Solo in questo secolo l'analisi genetica automatizzata ha consentito la rapida identificazione di un gran numero di virus, provocando una rivoluzione nella virologia. In uno studio dopo l'altro, gli scienziati stanno scoprendo migliaia di virus sconosciuti alla volta, così tanti che gli sforzi per catalogarli hanno difficoltà a tenere il passo e non abbiamo idea di cosa faccia (se non altro) la maggior parte di essi.

Le cifre sono sbalorditive. Qualcuno può davvero comprendere numeri come i 1031 tipi di virus stimati sulla Terra – dieci milioni di volte il numero di stelle presenti nell'universo? Ogni litro di acqua dell'oceano contiene circa cento miliardi di virus e la polvere sospinta dal vento trasporta circa ottocento milioni di virus su ogni metro quadrato della superficie terrestre, ogni giorno.
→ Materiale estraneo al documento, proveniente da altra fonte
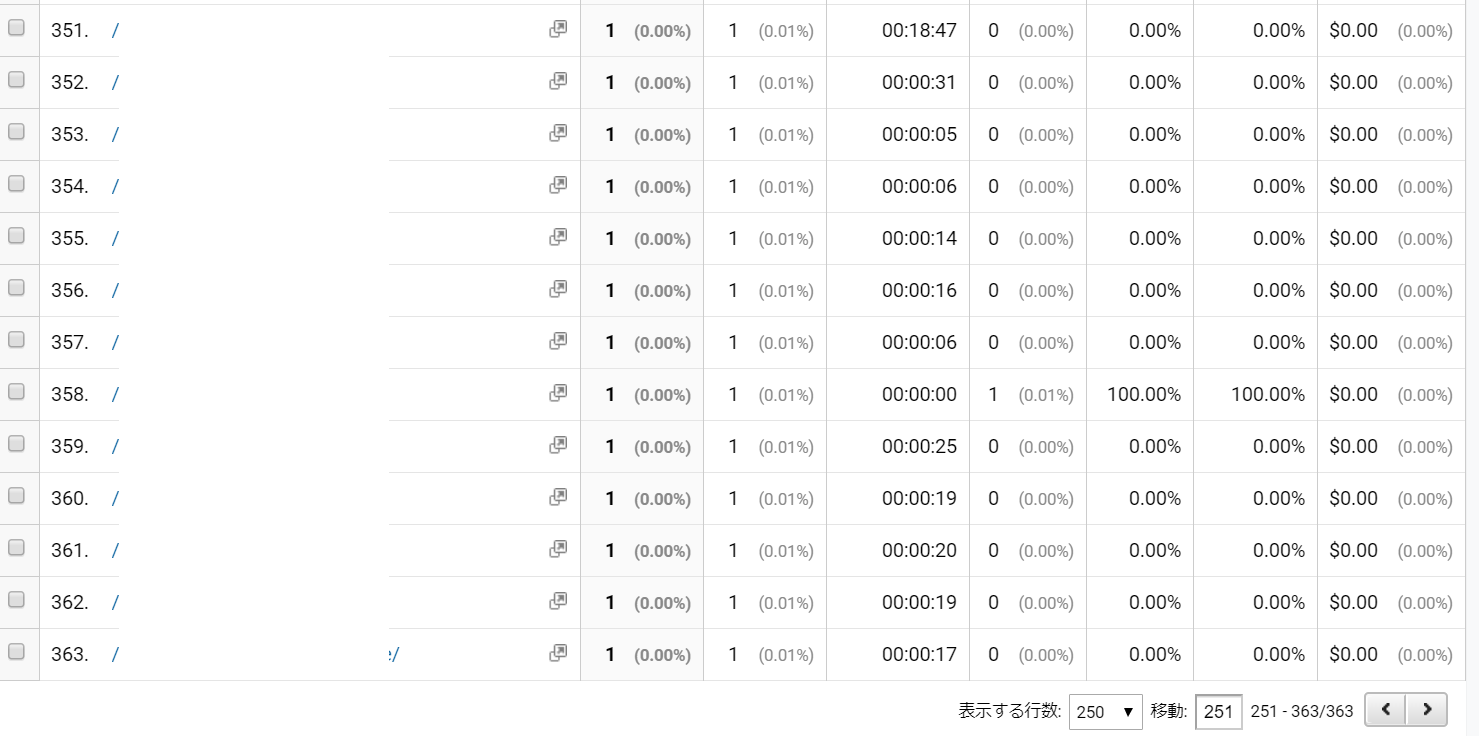ということでゴミ記事が出てきました。これらは月間PV数が1の記事たちです。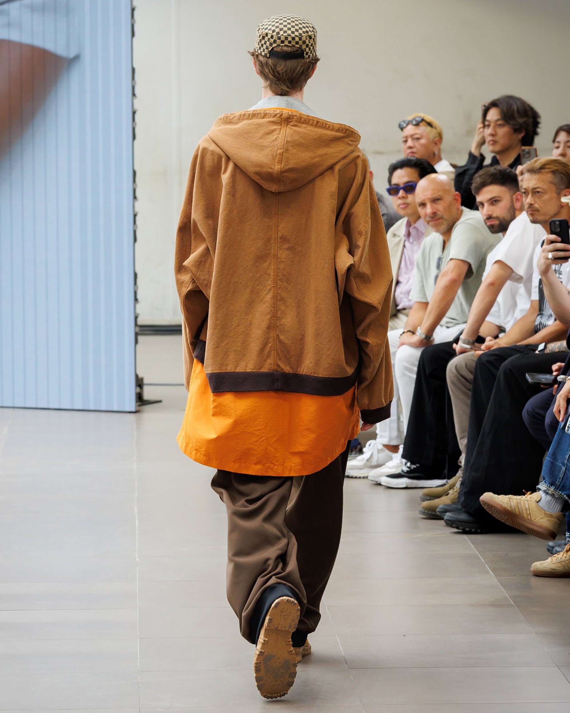 ・ボリューミーなサイジングと前振りの袖付けにより、ミハラヤスヒロらしい収まりの良いコクーンシルエットとなっていることも特徴的。
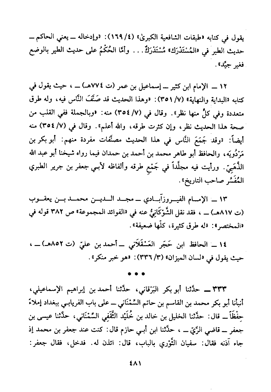 ٣٣٣ - حدَّثنا أبو بكر البَرْقاني، حدَّثنا أحمد بن إبراهيم الإسماعيلي، أنبأنا أبو بكر محمد بن القاسم بن حاتم السِّمْنَاني -على باب الفريابي ببغداد إملاءً حِفْظًا- قال: حدَّثنا الخليل بن خالد بن خُلَيْد الثَّقَفِي السِّمْنَاني، حدَّثنا عيسى بن جعفر -قاضي الرَّيّ-، حدَّثنا ابن أبي حازم قال: كنت عند جعفر بن محمد إذ جاء آذنه فقال: سفيان الثَّوْري بالباب، قال: ائذن له. فدخل، فقال جعفر: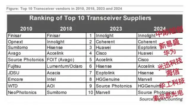 近期,国际知名光通信行业研究机构LightCounting最新发布的2024年全球光模块TOP10榜单显示,中国厂商占据7个席位,已在该领域占据主导地位。在全球范围内新易盛排名第3,在中国范围内新易盛排名第2。而在2023年,新易盛还只处在全球第7,中国第5的位置,仅用一年时间,新易盛就超过了华为、光迅科技、海信等实力企业。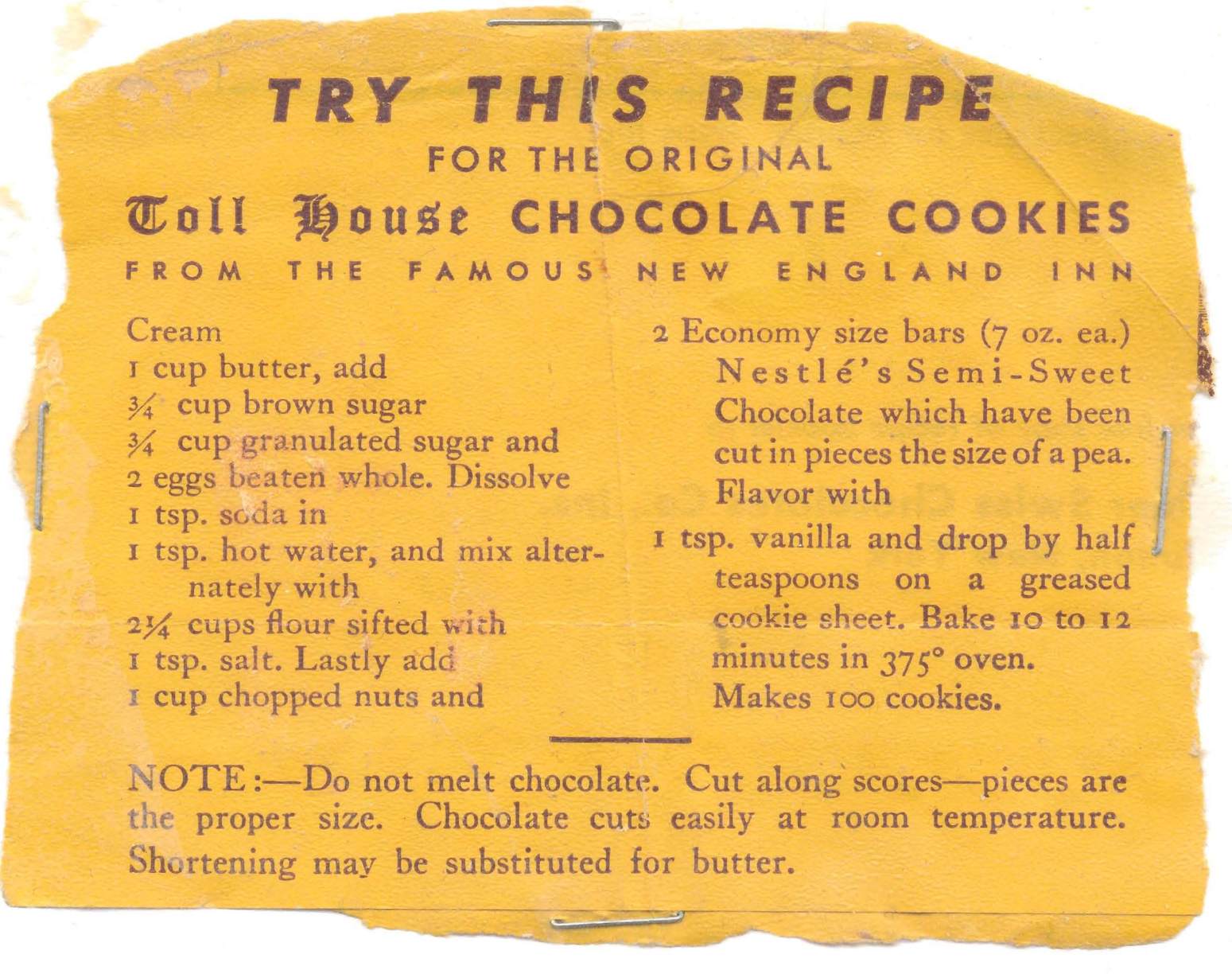 ABSOLUTELY ORIGINAL TOLL HOUSE CHOCOLATE COOKIES

Nel vostro corpo ci sono circa un trilione di virus in qualsiasi momento: alcuni infettano le cellule umane, altri i milioni di batteri che ognuno di noi porta con sé, altri ancora passano attraverso il cibo o il respiro.
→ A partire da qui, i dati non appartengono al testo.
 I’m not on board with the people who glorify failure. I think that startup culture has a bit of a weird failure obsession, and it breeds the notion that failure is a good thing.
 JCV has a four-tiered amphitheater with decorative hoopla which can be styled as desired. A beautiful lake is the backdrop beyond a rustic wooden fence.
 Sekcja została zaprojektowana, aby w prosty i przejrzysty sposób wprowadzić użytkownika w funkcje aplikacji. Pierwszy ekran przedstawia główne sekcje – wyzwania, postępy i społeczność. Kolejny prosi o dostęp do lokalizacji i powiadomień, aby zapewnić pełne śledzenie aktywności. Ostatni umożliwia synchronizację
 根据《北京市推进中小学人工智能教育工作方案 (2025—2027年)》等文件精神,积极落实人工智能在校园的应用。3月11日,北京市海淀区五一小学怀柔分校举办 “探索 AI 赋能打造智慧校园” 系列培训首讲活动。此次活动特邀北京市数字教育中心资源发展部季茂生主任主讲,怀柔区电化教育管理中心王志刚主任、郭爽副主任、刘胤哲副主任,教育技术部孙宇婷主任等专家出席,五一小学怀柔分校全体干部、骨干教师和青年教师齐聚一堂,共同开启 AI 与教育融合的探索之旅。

Come scrive il biologo evoluzionista John Thompson, sono «per molti versi lo stile di vita più riuscito sulla Terra».[3]

«I virus sono di gran lunga le entità organiche più abbondanti che conosciamo; in effetti, sono probabilmente più comuni di tutte le altre forme di vita messe insieme... Ogni nicchia ecologica in cui si può trovare la vita è stata penetrata dalla virosfera. Oltre cento milioni di tipi di virus infettano tutte le specie di esseri viventi, compresi animali, microbi e piante».[4]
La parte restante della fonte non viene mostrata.